At the risk of echoing past reviews of Coldplay, it's really easy to forget what a good band it is. The songs all over the radio and on the group's four albums are so neatly tailored that it's always a refreshing surprise to see Coldplay live and be rocked, be it the early years at the Fillmore Auditorium or Friday night's show at the Pepsi Center, reports Rocky Mountain News.
Granted, Coldplay salted the set early with hits, including the classic Clocks, which has become more muscular with age - largely because of drummer Will Champion, who happily doubled on guitar and vocals during acoustic songs.
But the crowd was down with everything from the first note, be it album cuts or the single When I Ruled the World. In a moment of time when the news seems to be unrelentingly bleak, there's a lot to be said for a packed auditorium of music fans singing lustily and joyously along with a strong set.

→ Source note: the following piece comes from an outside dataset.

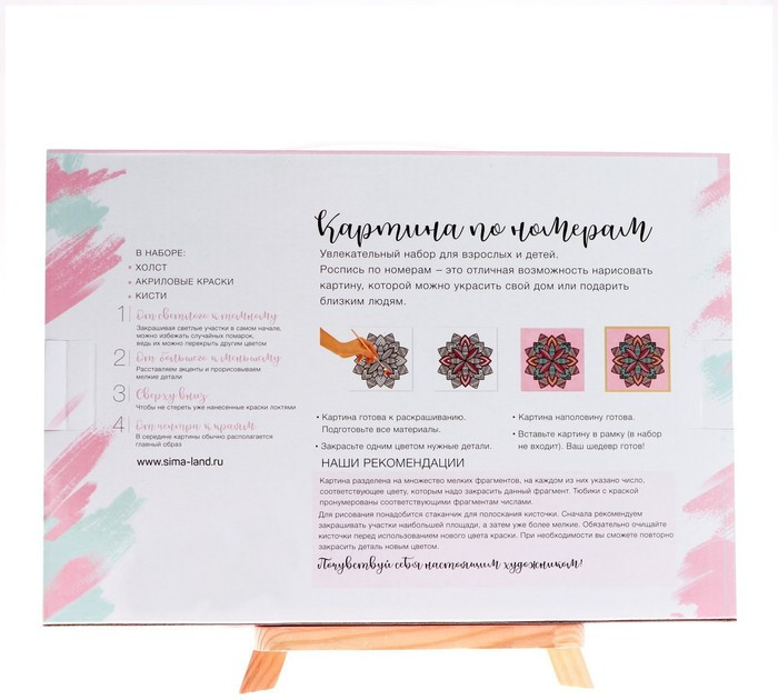 💳 Оплатить за товар можно при получении 🇰🇿 Есть бесплатная доставка по Казахстану от 1 дня 🎁 Копите бонусы с каждой покупки Набор для рисования станет находкой для людей, которые хотят творить! Специально разработанная уникальная серия росписи по номерам станет верным помощником начинающим художникам, с помощью которой они будут создавать настоящие шедевры изобразительного искусства! Написанная своими руками картина украсит интерьер или станет прекрасным подарком для родных и близких людей. |

It's also refreshing to see a band using common sense in the staging of a concert. Every high-tech bell and whistle was there - the gigantic big screen, floating picture orbs and enough lasers to make The Who very happy. But it was just used in a smarter way, with ramps extending into the audience near the front, and additional big-screens hung halfway back so the rear of the house felt intimate as well. They headed to the rear of the arena for another mini-set, starting with The Scientist.
"This gives everybody at the front the chance to Blackberry their friends and say 'Gee, man, we overpaid,' " singer Chris Martin joked.
Martin has steadily grown as a frontman, intense but jerky in his early days, relaxed and fun these days. He effortlessly commands the stage, where nothing feels forced or planned. He manages to convey a combination of goofiness and warmth, a far cry from the aloof image that the media has painted of him for his ambitious writing or the person he chose to marry.
The band took the stage a bit later than planned, and at press time, encores still were ahead. If recent shows are any indication, the band's first hit, Yellow, was likely to have made up a big part of that.
Jon Hopkins opened with a hypnotic electronic set, accompanied by animation on a big screen that was at the same time up-to-the-minute but also echoed the days of the old San Francisco psychedelic ballroom scene. He could have used a bigger screen, but fans were still surprisingly receptive to the edgy set.